PROBLEM TO WORK ON: All that is needed is a count of the lines in this data that contain the word "目指す社会像".

Entries taken from a collection:
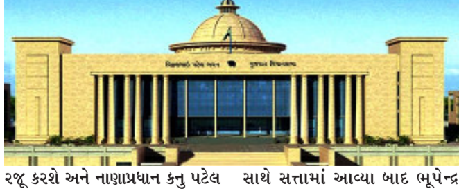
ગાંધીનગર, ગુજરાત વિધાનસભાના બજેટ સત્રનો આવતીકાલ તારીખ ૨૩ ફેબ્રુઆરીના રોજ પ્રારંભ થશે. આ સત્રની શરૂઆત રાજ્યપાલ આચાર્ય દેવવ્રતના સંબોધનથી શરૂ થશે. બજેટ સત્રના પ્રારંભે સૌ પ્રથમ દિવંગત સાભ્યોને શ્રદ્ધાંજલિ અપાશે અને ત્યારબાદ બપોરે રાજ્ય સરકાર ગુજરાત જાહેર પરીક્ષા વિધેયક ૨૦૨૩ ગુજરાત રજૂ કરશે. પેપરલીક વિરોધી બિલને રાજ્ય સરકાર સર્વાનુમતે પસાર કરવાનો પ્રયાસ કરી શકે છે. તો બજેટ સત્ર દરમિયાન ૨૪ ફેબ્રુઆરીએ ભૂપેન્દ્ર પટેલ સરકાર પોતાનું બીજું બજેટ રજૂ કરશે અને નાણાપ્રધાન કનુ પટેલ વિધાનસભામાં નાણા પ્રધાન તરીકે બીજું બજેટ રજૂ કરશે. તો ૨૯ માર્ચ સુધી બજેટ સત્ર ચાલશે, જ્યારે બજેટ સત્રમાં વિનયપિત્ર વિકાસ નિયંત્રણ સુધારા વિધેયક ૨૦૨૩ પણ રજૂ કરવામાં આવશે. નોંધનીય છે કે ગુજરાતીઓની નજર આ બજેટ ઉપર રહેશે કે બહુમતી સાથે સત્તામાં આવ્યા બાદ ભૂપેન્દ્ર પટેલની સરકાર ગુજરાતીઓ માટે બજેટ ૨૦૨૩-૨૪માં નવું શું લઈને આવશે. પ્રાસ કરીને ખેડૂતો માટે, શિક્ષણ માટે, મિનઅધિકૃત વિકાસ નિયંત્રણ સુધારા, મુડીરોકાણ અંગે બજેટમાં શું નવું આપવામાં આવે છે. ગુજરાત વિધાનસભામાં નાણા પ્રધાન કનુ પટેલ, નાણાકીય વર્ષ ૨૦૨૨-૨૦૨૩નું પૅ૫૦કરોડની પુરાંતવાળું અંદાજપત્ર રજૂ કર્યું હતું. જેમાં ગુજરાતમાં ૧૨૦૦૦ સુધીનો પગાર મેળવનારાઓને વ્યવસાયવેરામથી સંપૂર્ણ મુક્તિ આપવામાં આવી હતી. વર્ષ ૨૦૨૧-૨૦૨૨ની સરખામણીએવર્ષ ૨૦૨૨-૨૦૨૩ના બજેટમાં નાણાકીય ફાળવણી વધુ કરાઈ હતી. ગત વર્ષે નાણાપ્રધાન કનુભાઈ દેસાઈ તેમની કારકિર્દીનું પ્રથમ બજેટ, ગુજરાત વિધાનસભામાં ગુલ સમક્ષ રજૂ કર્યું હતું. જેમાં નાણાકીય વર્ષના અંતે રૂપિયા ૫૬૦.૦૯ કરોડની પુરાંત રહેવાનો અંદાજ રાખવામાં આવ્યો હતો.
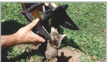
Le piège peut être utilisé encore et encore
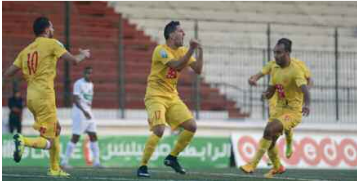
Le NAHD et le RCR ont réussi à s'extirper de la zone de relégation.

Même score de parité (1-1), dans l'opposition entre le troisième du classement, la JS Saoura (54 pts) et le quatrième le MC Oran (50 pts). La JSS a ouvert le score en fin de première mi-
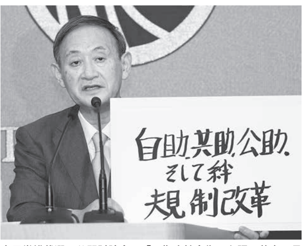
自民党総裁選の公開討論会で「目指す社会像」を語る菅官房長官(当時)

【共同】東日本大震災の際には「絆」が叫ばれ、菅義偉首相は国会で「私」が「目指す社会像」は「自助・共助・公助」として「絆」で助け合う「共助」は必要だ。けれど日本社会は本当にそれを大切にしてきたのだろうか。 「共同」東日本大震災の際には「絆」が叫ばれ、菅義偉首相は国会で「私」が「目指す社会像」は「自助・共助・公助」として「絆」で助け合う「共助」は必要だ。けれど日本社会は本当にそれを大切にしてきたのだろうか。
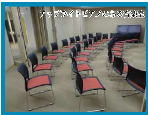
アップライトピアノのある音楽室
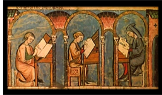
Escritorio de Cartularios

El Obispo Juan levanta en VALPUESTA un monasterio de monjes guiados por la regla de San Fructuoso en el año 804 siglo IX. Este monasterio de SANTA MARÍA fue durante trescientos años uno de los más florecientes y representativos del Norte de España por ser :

TASK ANSWER: 2